» EXERCISE DETAILS:
Give the listing again word for word, excluding the pictures it contains.
Segment Start: SOURCE MATERIAL
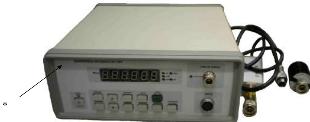
Рисунок 1. Внешний вид измерителей мощности МЗ-90М, МЗ-93М, МЗ-95М

Места пломбировки от несанкционированного доступа измерителей мощности изображены на рисунке 3.
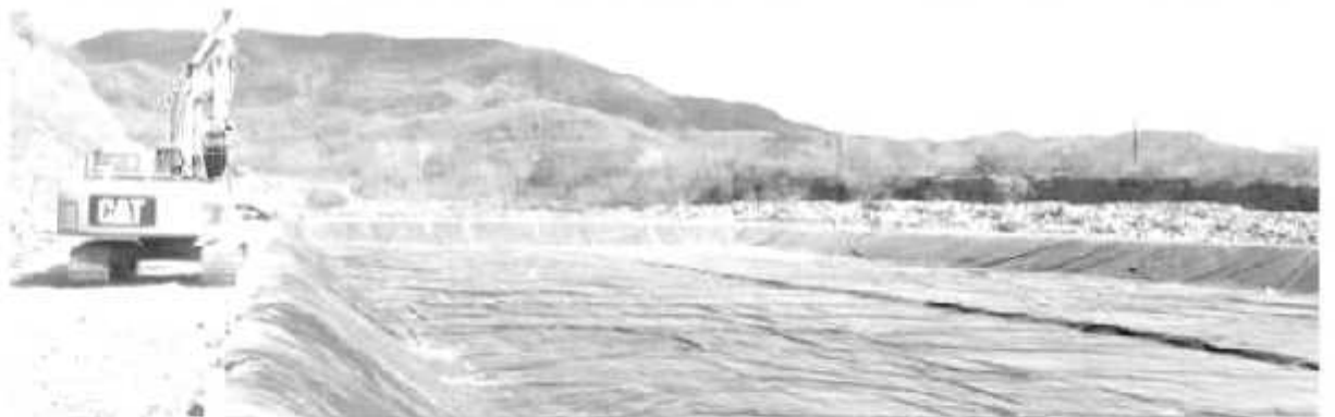
El adecuado tratamiento de los residuos sólidos incide en una mejor salud para las poblaciones y los ecosistemas.

Aureoles Conejo, a través de la Semaccdet, y procedente del Fondo para el Desarrollo Regional de Estados y Municipios Mineros (Fondo Minero), este año arrancó la creación de cuatro nuevos rellenos sanitarios para abatir la proporción de desechos que son depositados en sitios no aptos para ello. Así, en Coahuayana se llevó a cabo la edificación de un relleno sanitario con un costo de 4
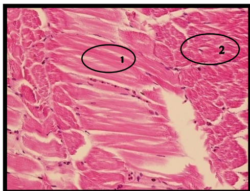
Gambar 1. Struktur jaringan otot normal pada ikan lele. (1) otot halus, (2) otot lurik. Perbesaran mikroskop 400x, potongan horizontal.

Dalam penelitian ini, kondisi otot ikan lele kontrol menunjukkan kondisi jaringan normal (dapat dilihat pada gambar 1), dengan tampilan struktur jaringan yang ketat/kompak. Posisi otot lurik dan otot polos juga muncul secara teratur tanpa kerusakan.
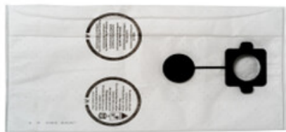
Filtrační sáčky Gisowatt PC 20 - PC 35 "M" fleece (5ks)
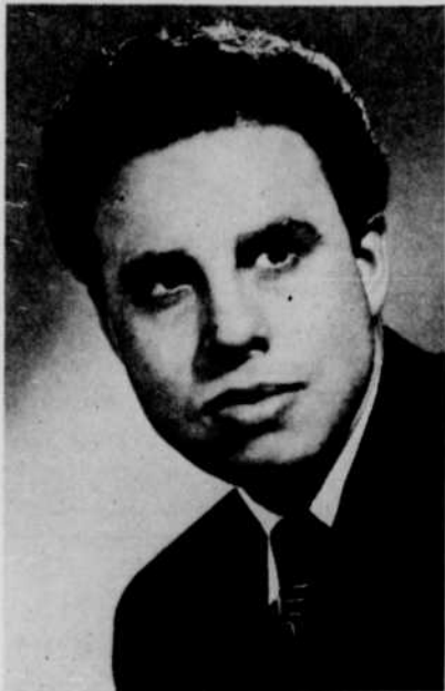
GEORGE LONDON que l'on entendra dans "Les Noces de Figaro", de Mozart.
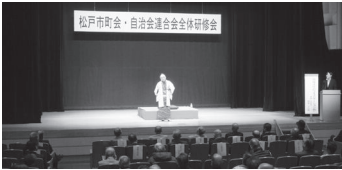
全体研修会の様子
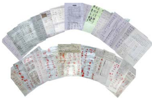
图：第四轮河北 1108 民众声援

700 手印亮相美国国会后,河北省政法委高层官员驻扎当地实施恐怖调查行动,两人一组逐户追问,威胁民众“谁签名,谁好不了”。专管 610 (专门迫害法轮功的非法组织)的副县长、正定公安局副局长高国开始疯狂抓捕,发生了至少六起绑架行动,造成其中一名法轮功学员杨银桥坠楼身亡。共 16 位法轮功学员及家属遭绑架,被套上黑头套绑至正定县
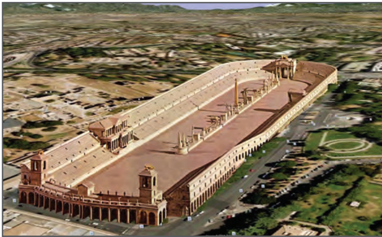
شکل ۱۲-۱- اماکن قدیمی ورزشی در روم باستان (ماکزیموس سیرک)
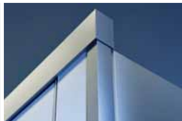
Stabilisateur en aluminium
Segment End: SOURCE MATERIAL
» OUTPUT FOR THIS TASK:
Рисунок 1. Внешний вид измерителей мощности МЗ-90М, МЗ-93М, МЗ-95М

Места пломбировки от несанкционированного доступа измерителей мощности изображены на рисунке 3.
El adecuado tratamiento de los residuos sólidos incide en una mejor salud para las poblaciones y los ecosistemas.

Aureoles Conejo, a través de la Semaccdet, y procedente del Fondo para el Desarrollo Regional de Estados y Municipios Mineros (Fondo Minero), este año arrancó la creación de cuatro nuevos rellenos sanitarios para abatir la proporción de desechos que son depositados en sitios no aptos para ello. Así, en Coahuayana se llevó a cabo la edificación de un relleno sanitario con un costo de 4
Gambar 1. Struktur jaringan otot normal pada ikan lele. (1) otot halus, (2) otot lurik. Perbesaran mikroskop 400x, potongan horizontal.

Dalam penelitian ini, kondisi otot ikan lele kontrol menunjukkan kondisi jaringan normal (dapat dilihat pada gambar 1), dengan tampilan struktur jaringan yang ketat/kompak. Posisi otot lurik dan otot polos juga muncul secara teratur tanpa kerusakan.
Filtrační sáčky Gisowatt PC 20 - PC 35 "M" fleece (5ks)
GEORGE LONDON que l'on entendra dans "Les Noces de Figaro", de Mozart.
全体研修会の様子
图：第四轮河北 1108 民众声援

700 手印亮相美国国会后,河北省政法委高层官员驻扎当地实施恐怖调查行动,两人一组逐户追问,威胁民众“谁签名,谁好不了”。专管 610 (专门迫害法轮功的非法组织)的副县长、正定公安局副局长高国开始疯狂抓捕,发生了至少六起绑架行动,造成其中一名法轮功学员杨银桥坠楼身亡。共 16 位法轮功学员及家属遭绑架,被套上黑头套绑至正定县
شکل ۱۲-۱- اماکن قدیمی ورزشی در روم باستان (ماکزیموس سیرک)
Stabilisateur en aluminium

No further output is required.